Im using this as an example (Calculating moving average) which I have successfully incorporated into my code. I need to calculate rolling mean and rolling median (which I have done) but my data set is enormous and I need to add a secondary variable to filter this by. In the example below, they calculate rolling mean for a data set of 10 days.
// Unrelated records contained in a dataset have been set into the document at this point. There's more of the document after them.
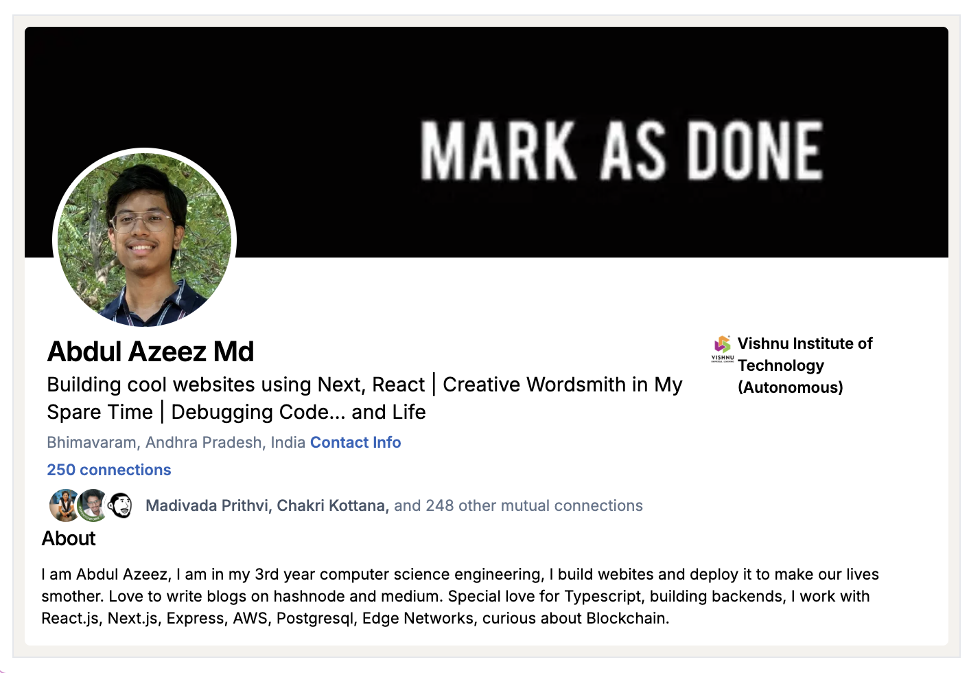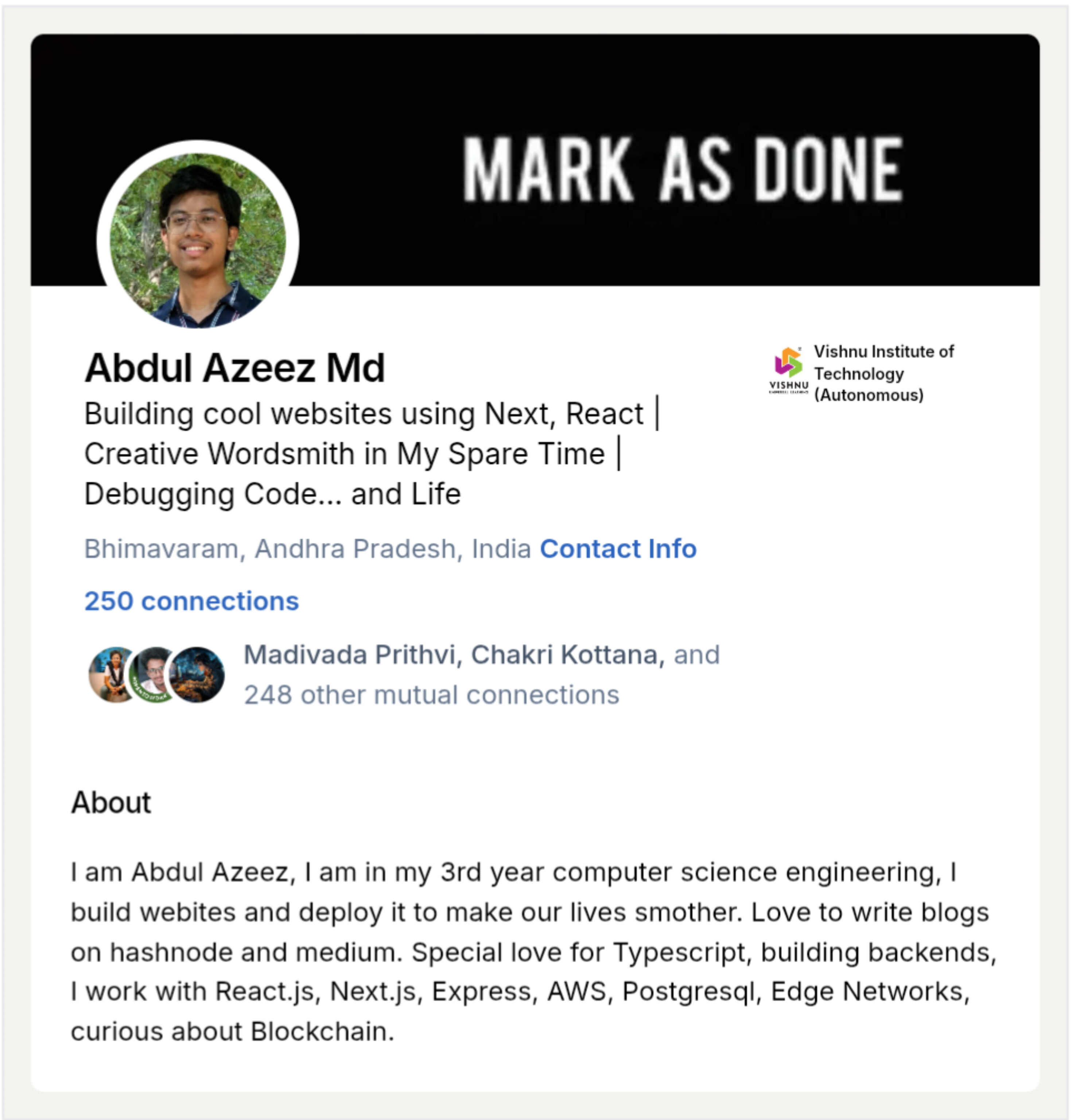 This is a LinkedIn Profile Component built using tailwind css, use this component in the react applications.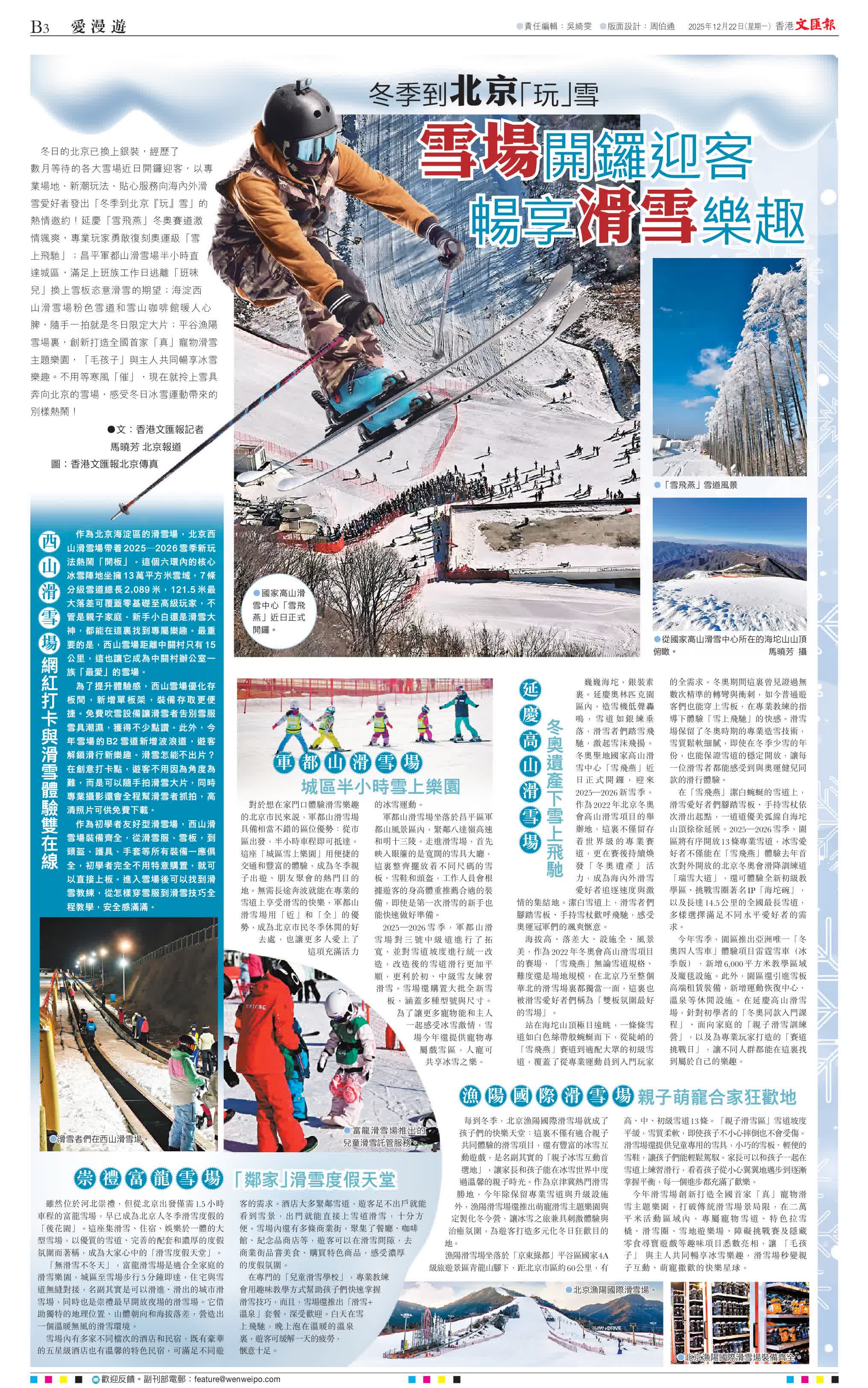 香港文匯報訊(記者 馬曉芳 北京報道)冬日的北京已換上銀裝,經歷了數月等待的各大雪場近日開鑼迎客,以專業場地、新潮玩法、貼心服務向海內外滑雪愛好者發出「冬季到北京『玩』雪」的熱情邀約!延慶「雪飛燕」冬奧賽道激情颯爽,專業玩家勇敢復刻奧運級「雪上飛馳」;昌平軍都山滑雪場半小時直達城區,滿足上班族工作日逃離「班味兒」換上雪板恣意滑雪的期望;海淀西山滑雪場粉色雪道和雪山咖啡館暖人心脾,隨手一拍就是冬日限定大片;平谷漁陽雪場裏,創新打造全國首家「真」寵物滑雪主題樂園,「毛孩子」與主人共同暢享冰雪樂趣。不用等寒風「催」,現在就拎上雪具奔向北京的雪場,感受冬日冰雪運動帶來的別樣熱鬧!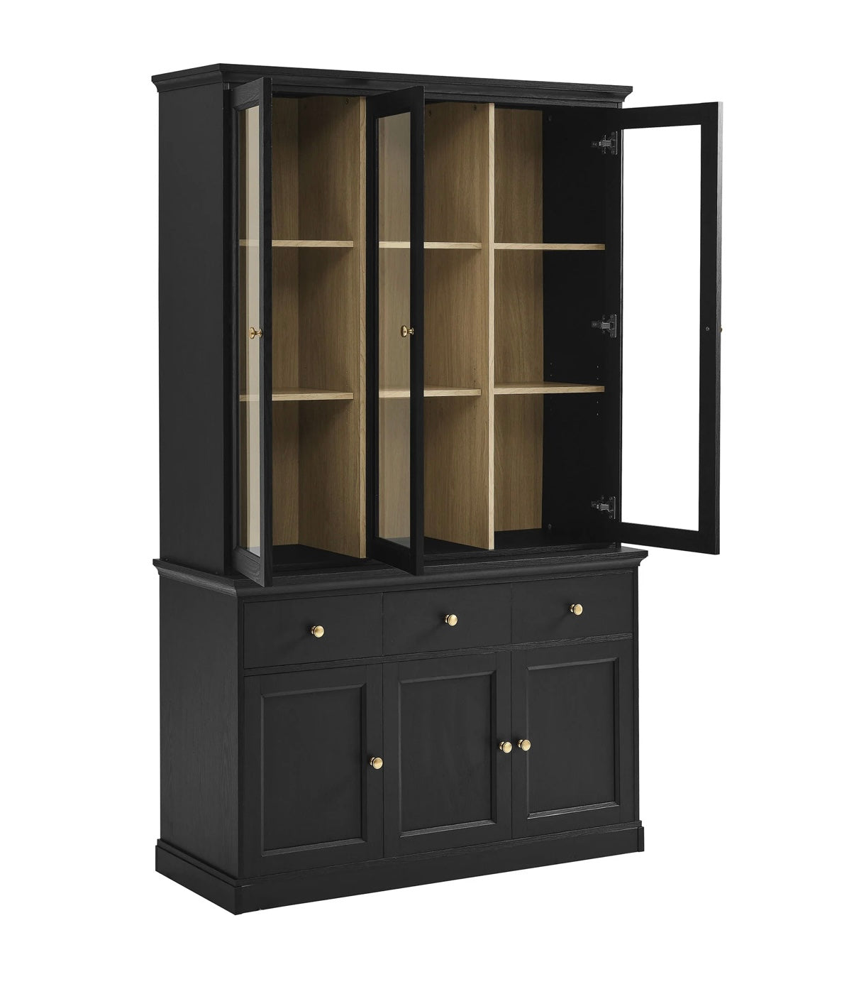 The Amara 79 Inch Large Storage Display Cabinet combines timeless style with practical organization, making it a versatile accent cabinet for the modern home. Three tempered glass doors with brass knobs open to nine shelf areas for displaying dishes, décor, or books, while three drawers and three lower cabinets with shelving provide convenient additional storage for everyday items. Crafted from a durable engineered wood blend with an attractive wood grain laminate interior, this tall cabinet also serves beautifully as a pantry cabinet, dining room buffet, or office credenza. With non-marking foot pins to protect floors, Amara is a modern storage cabinet that fits seamlessly into dining rooms, kitchens, living rooms, or workspaces. Assembly required. Weight Capacity: Top: 165lbs; Shelves: 198lbs each; Drawer: 66lbs; Lower Storage area; 264lbs each.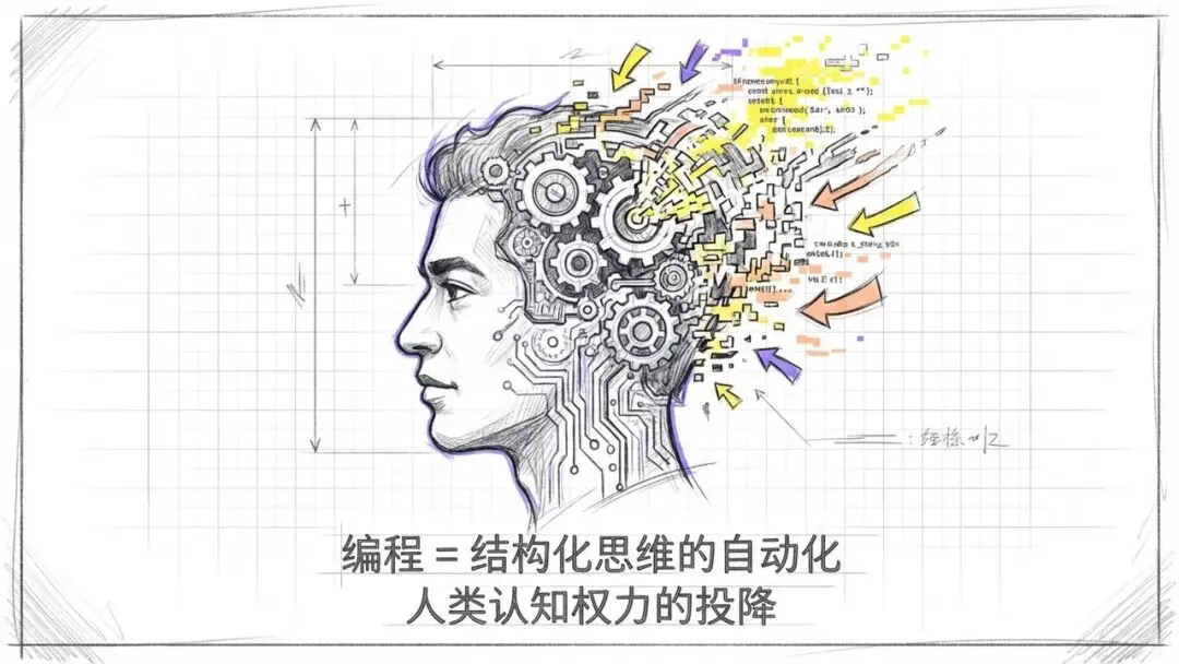 “编程,本质上就是结构化思维的自动化。要是AI也能像人一样一样编程,那人类这个物种可就玩完了。”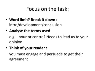 This document provides tips for writing an effective essay. It recommends breaking the essay down into an introduction, body, and conclusion to address the word limit and terms of the prompt. When drafting, the writer should collect strong vocabulary and structures and organize them into relevant paragraphs, combining or removing ideas as needed. An engaging introduction should set the scene and lead to the writer's opinion. Ideas should be clearly linked throughout with no new information in the conclusion. The document stresses the importance of reading and reviewing the essay critically to check focus, sense, and mechanics.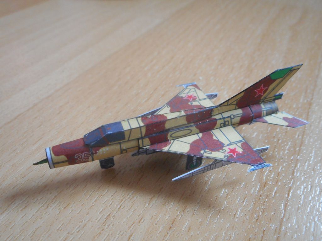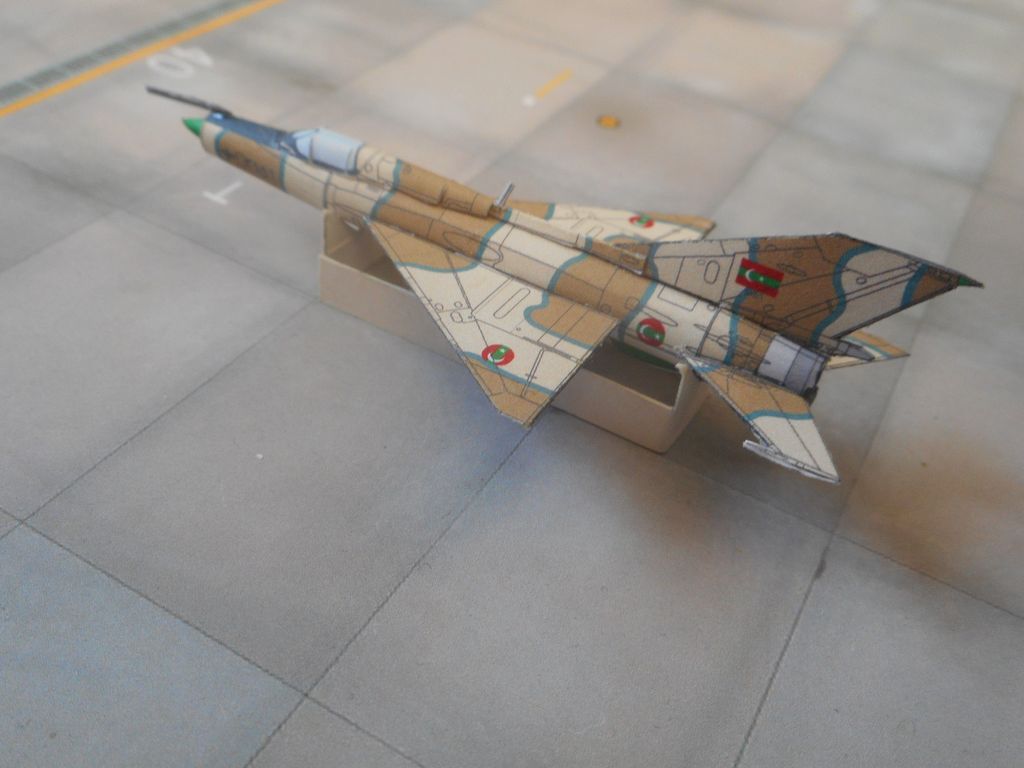 Pas très satisfait de ce montage où j'ai fait quelques bêtises. Ce'st pour ça que le réservoir dorsal laisse à désirer même si j'ai réussi à sauver le parebrise. MiG-21PFS égyptien imprimé au bureau sur le copieur/imprimante laser du service. Couleurs plus sombres que sur ma petite Epson Stylus mais au moins les noirs sont bien noirs !

What happens if they have 10 days for different locations, and we need to calculate the rolling means for 10 days based on these different location?
library(tidyverse)
library(zoo)
some_data = tibble(day = 1:10)
# cma = centered moving average
# tma = trailing moving average
some_data = some_data %>%
mutate(roll_mean = rollmean(day, k = 3, fill = NA)) %>%
mutate(roll_median = rollmedian(day, k = 3, fill = NA, align = "right"))
some_data
You can group by location :
library(tidyverse)
library(zoo)
some_data <- rbind(tibble(day = 1:5,location = c(rep("A",5))),
tibble(day = 1:5,location = c(rep("B",5))))
some_data <- some_data %>% group_by(location) %>%
mutate(roll_mean_left = rollmean(day, k = 3, fill = NA, align='left'),
roll_mean_right = rollmean(day, k = 3, fill = NA, align='center'),
roll_median_center = rollmedian(day, k = 3, fill = NA, align = 'right'))
some_data
The roll function reinitializes for each location.
Note how the rolling window moves according to the align
parameter:
day location roll_mean_left roll_mean_right roll_median_center
<int> <chr> <dbl> <dbl> <dbl>
1 1 A 2 NA NA
2 2 A 3 2 NA
3 3 A 4 3 2
4 4 A NA 4 3
5 5 A NA NA 4
6 1 B 2 NA NA
7 2 B 3 2 NA
8 3 B 4 3 2
9 4 B NA 4 3
10 5 B NA NA 4